Restitution law divides the tax loss universe into tax loss related to
Title 26 crimes (which includes tax evasion and obstruction of the
administration of the internal revenue laws) and tax loss related to crimes
under other Code provisions, principally Title 18 (which includes mail fraud
and conspiracy). Restitution for tax
loss for Title 26 crimes is not generally available; restitution for tax loss for Title 18 crimes is
generally available.
I say generally not available for Title 26 crimes, but a court can
impose restitution for Title 26 tax crimes: (i) as a condition of supervised
release after the defendant serves his incarceration period (see Order p. 8); or
(ii) by consent of the defendant (which is a common condition in cases resolved
by plea agreement, but there is no indication that Daugerdas consented here).

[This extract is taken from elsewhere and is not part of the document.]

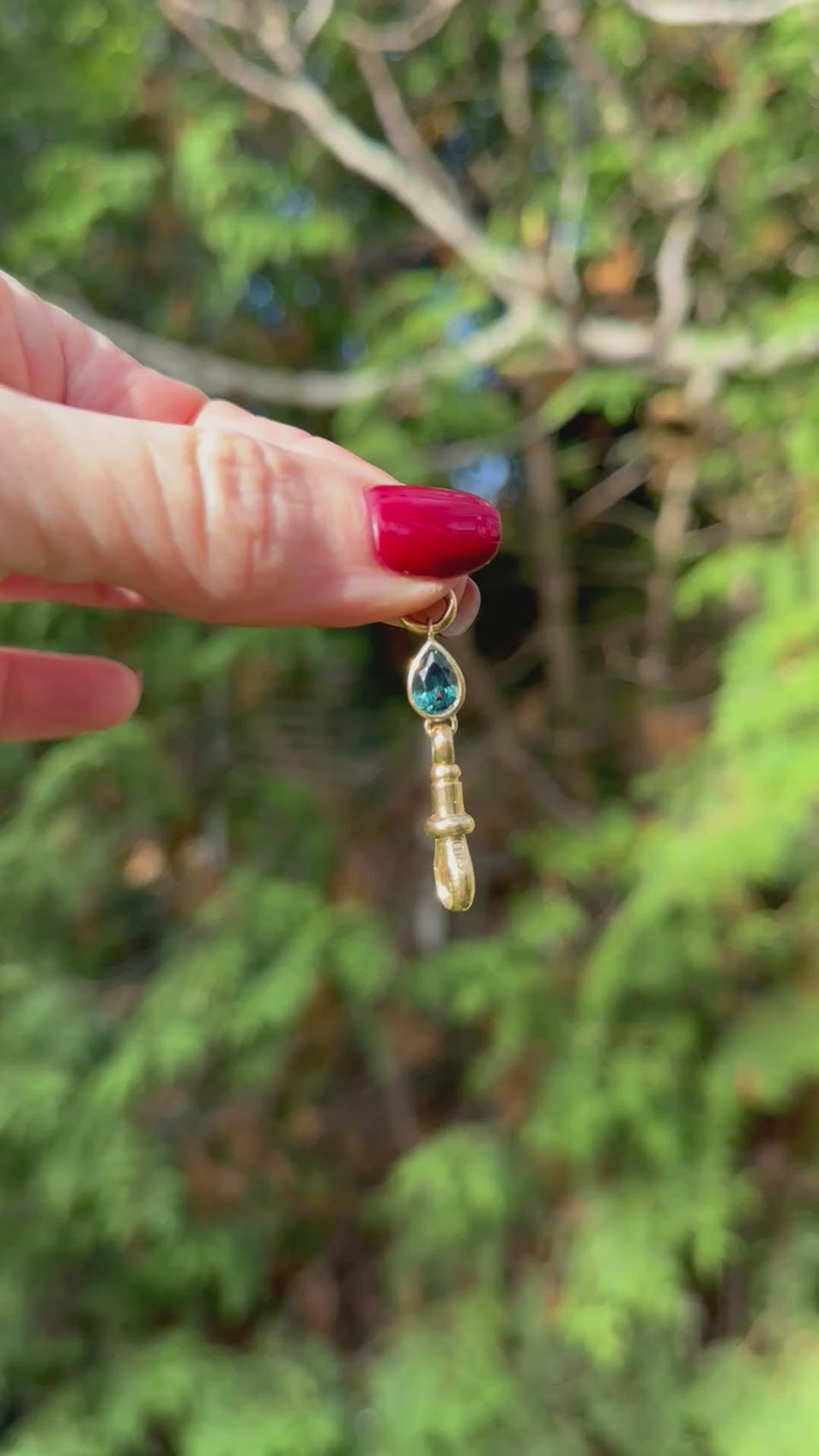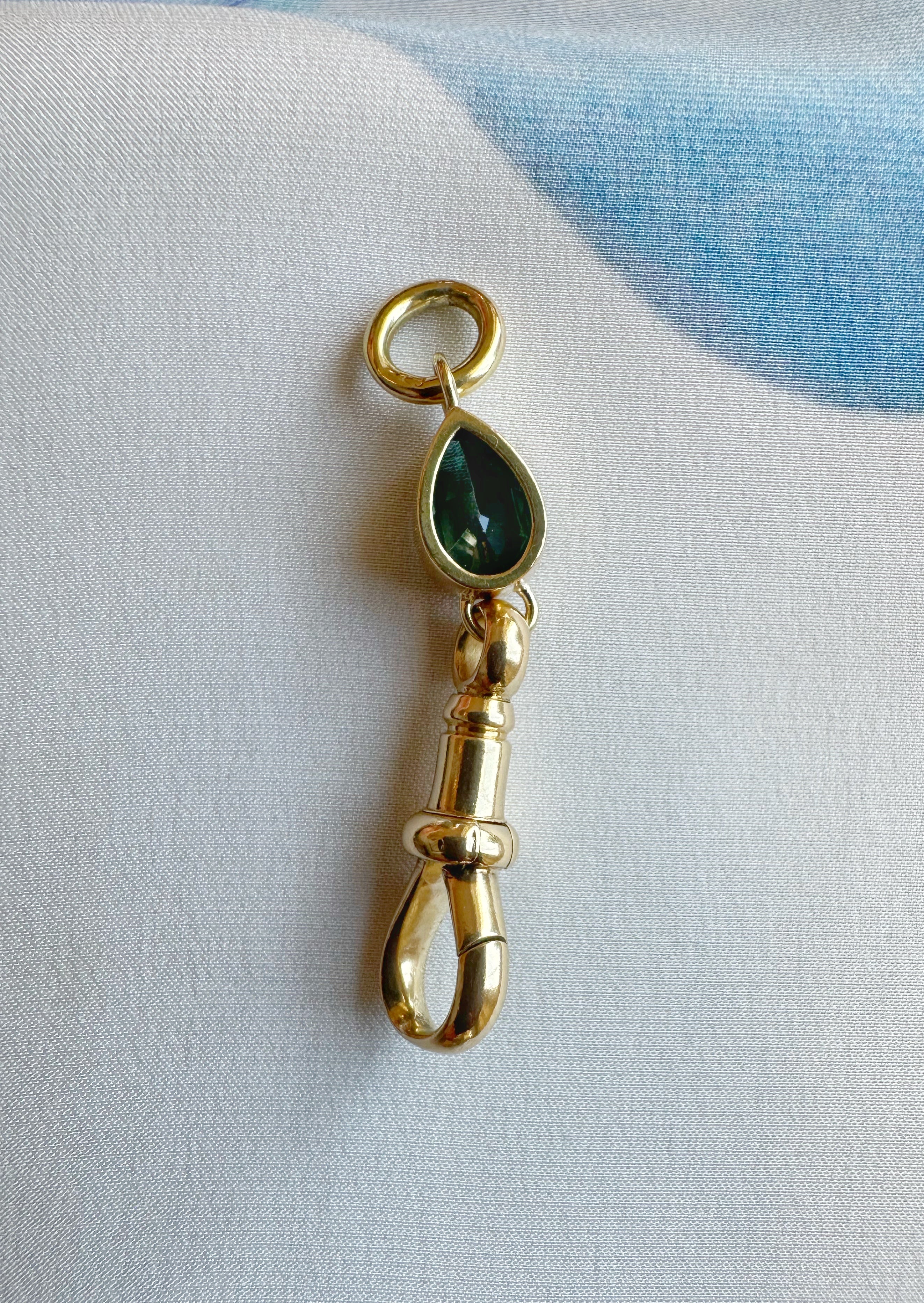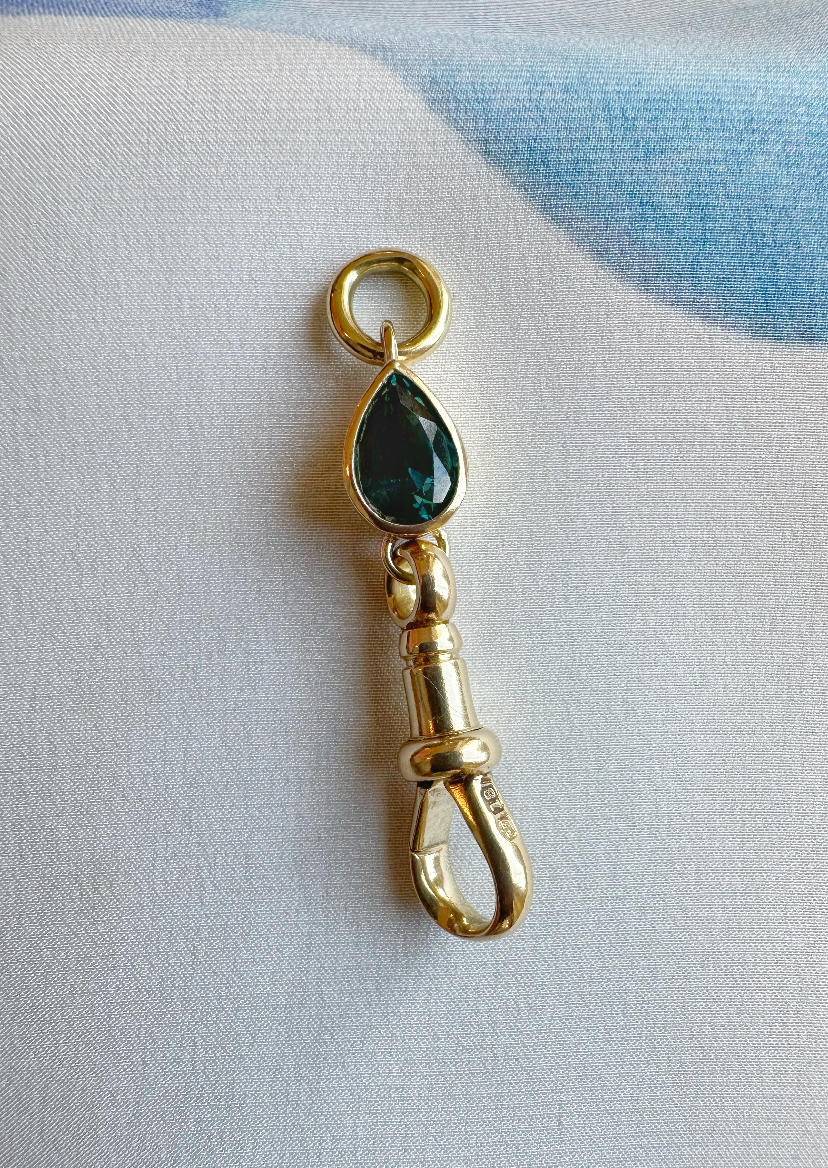 Antique Dog Clasp | Pear Teal Sapphire | 18ct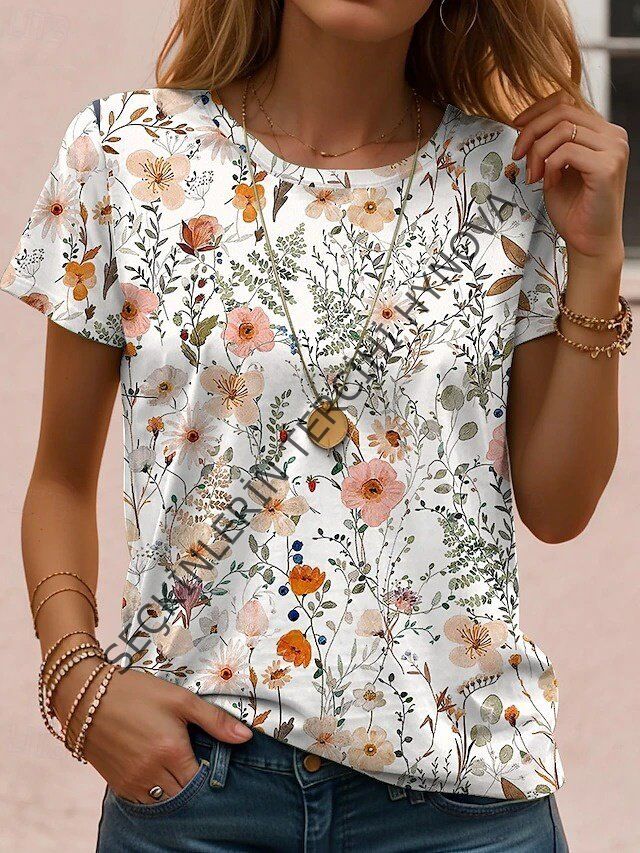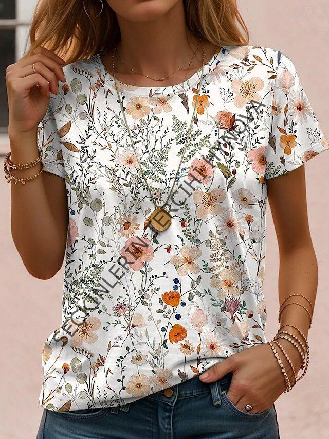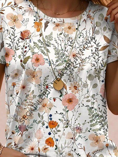 Kadın Kısa Kollu Bisiklet Yaka çiçek Desenli Viskon Bluz

Judge Goeke discusses the supervised release that
the sentencing court ordered (Order p. 8) but fails to tie it to the
restitution ordered by the sentencing court.
In other words, from the factual recounting in the Order, the
restitution did not include restitution for the tax crimes of conviction but
only for the Title 18 crimes of conviction, so even if the court had imposed
(which it does not seem to have done) restitution as a condition of supervised
release, the need to tie restitution to tax crimes of conviction would seem unnecessary and nonsensical.
(The Order is not clear on this point, so I am taking a bit of a leap to
conclude that the restitution related only to Title 18 crimes of conviction.)